Тут у Григория Кружкова вылетело слово, способное само по себе вызвать целую волну дискуссий. Даже и без соотнесения с Т.С. Элиотом.
Новаторство — это из формальной области или из содержательной?
Содержательная эмблематичность символа, если вспомнить о мифологической составляющей, вполне возможно, есть признак некоторого ретроградства художника. Ну или хотя бы консервативности его мировосприятия. Духовные поиски происходят на старых путях, которые тем самым ведут к новым (обновленным?) целям.

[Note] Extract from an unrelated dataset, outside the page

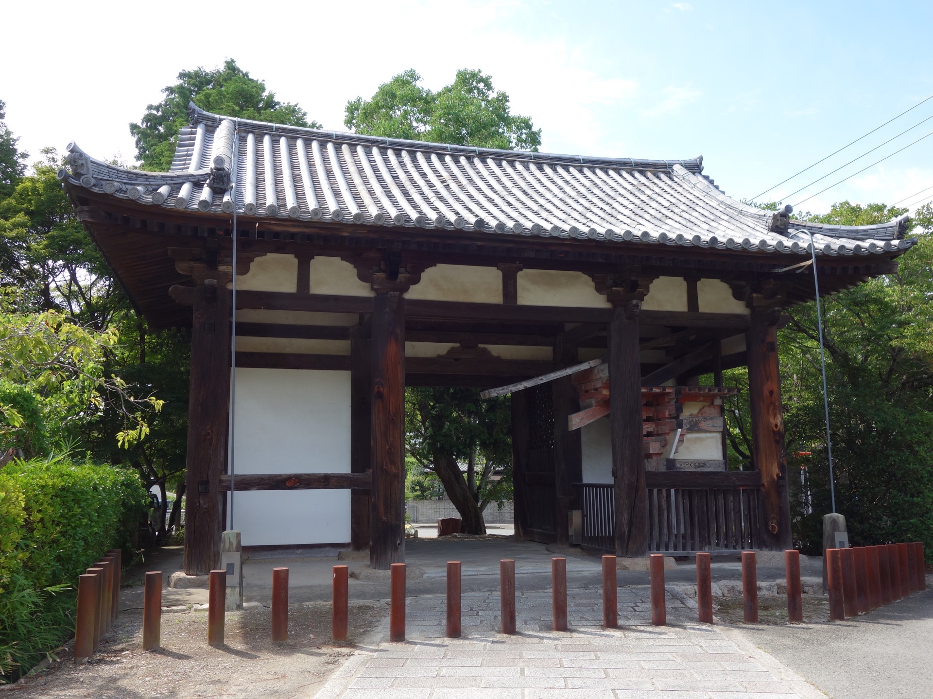 県道を東へ走ると、突然道路脇に古い仁王門が現れます。これが太山寺の山門です。重要文化財に指定されている貴重なもので、室町時代中期の再建です。高さは8mありますが、周囲の木立が生い茂って隠れています。しかしこの場所に移築されるまではさらに上部にもう一層あったそうです。その時の軒下の組み木は、今も仁王門に保存展示されています。そして仁王門の左側は車も通れる道路が続いています。その道を仁王門を越えて進むと、予想もしていなかった太山寺の世界が広がっていました。

Григорий Кружков в своем сборнике статей и эссе, особенно говоря об идеологии Йейтса (и не только художественной), очень всерьез относится к христианской составляющей культуры. Вместе с тем, поскольку для Г. Кружкова важна не только онтологическая сторона, но и эстетическая, постольку он рассматривает западноевропейскую поэзию во взаимосвязи, допустим, с русской (для Элиота она практически не играет никакой роли в мировом художественном процессе) и американской, наш автор религиозно более толерантен и, соответственно, его эстетический кругозор не ограничивается каким-то устоявшимся (допустим, для того же Элиота) “рейтингом” имен или идей. Толкование акмеизма как, условно говоря, высшей и последней стадии символизма, вернее — движения к этой стадии, весьма интересно3. Абсолютная идея (скажем так) — развитие в сторону совершенствования не столько художественного продукта, сколько тварного мира. Религия есть нравственность. Искусство есть нравственность.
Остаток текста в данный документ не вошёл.